DROP TABLE IF EXISTS <example-table>     // Deletes the metadata
dbutils.fs.rm('<your-s3-path>', true)   // Deletes the data
CREATE TABLE example_data USING org.apache.spark.sql.parquet OPTIONS (path '<your-s3-path>') AS SELECT ...

Warning

Although the above approach is valid, since all data is on S3, you might run into S3 eventual consistency issues if you try to delete and immediately try to recreate it in the same location. You can read more about consistency issues in the blog S3mper: Consistency in the Cloud.

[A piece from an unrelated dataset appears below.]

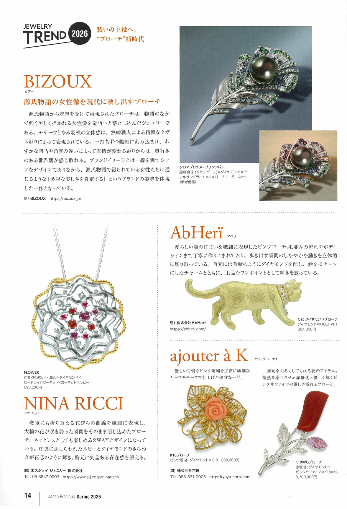 JAPAN PRECIOUS Spring 2026 No.121 2026/01/12 JAPAN PRECIOUS 2026新春号 新春特集 GOLDアイテム「幸運を呼ぶゴールドの輝き」特集で、K18白珊瑚リングや、バラ彫り・花モチーフの優美な新作ブローチが紹介されました。 幸運を呼ぶゴールドの輝き: 太陽のような輝きの白珊瑚K18リング モダンなスクエアフォルムの白珊瑚K18リング 装いの主役へ。ブローチ新時代: ピンク珊瑚のバラ彫りをあしらったリーフモチーフK18ブローチ 赤珊瑚とピンクサファイアが美しく咲くお花のK18WGブローチ2026年のトレンドを象徴する、KYOYA自慢の逸品たちです。 掲載商品: K18 白珊瑚 リング① / K18 白珊瑚 リング(金継ぎ螺鈿)② K18 ピンク珊瑚 ブローチ / K18WG 赤珊瑚 ブローチ この商品について問い合わせる 前の記事 次の記事 株式会社 京屋(珊瑚コーラルジュエリー) > メディア情報 > JAPAN PRECIOUS Spring 2026 No.121

Another alternative is to:

  1. Create the table using the SQL DDL:

    CREATE TABLE <table-name> (id LONG, date STRING) using parquet location "<storage-location>"
    
  2. Store new data in <storage-location>.

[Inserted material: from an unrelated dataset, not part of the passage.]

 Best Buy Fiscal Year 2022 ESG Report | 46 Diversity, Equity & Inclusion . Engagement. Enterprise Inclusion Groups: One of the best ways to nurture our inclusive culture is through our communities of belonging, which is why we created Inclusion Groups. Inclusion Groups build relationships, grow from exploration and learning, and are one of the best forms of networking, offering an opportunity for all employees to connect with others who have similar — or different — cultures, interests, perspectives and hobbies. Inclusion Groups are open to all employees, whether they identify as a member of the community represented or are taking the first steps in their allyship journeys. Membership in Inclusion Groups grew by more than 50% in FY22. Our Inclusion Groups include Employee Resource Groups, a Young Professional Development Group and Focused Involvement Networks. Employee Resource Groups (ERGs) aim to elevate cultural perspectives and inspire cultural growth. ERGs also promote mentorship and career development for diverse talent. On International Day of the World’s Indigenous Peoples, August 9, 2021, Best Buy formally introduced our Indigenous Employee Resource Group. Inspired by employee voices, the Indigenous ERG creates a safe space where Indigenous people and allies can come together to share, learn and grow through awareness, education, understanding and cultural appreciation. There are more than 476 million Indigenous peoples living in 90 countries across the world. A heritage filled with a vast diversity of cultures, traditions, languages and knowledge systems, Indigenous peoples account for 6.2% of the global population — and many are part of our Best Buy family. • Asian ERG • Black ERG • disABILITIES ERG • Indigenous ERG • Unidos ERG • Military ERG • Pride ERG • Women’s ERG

  3. Run REFRESH TABLE <table-name>.

Best way to replace table contents

To avoid potential consistency issues, the best approach to replacing table contents is to overwrite the table.

DataFrame API (Scala)
dataframe.write.mode(SaveMode.Overwrite).saveAsTable('<example-table>')    // Managed Overwrite
dataframe.write.mode(SaveMode.Overwrite).option('path', '<your-s3-path>').saveAsTable('<example-table>')  // Unmanaged Overwrite

In SQL you use the INSERT OVERWRITE keyword to perform this. This applies to managed or unmanaged tables.

For example, for an unmanaged table:

CREATE TABLE <example-table>(id STRING, value STRING) USING org.apache.spark.sql.parquet OPTIONS (path '<your-s3-path>')
INSERT OVERWRITE TABLE <example-table> select ...

Partitioned tables

Spark SQL is able to dynamically generate partitions at the file storage level to provide partition columns for tables.

Create a partitioned table

These examples partition data that you write. Spark SQL discovers the partitions and registers them in the Hive metastore.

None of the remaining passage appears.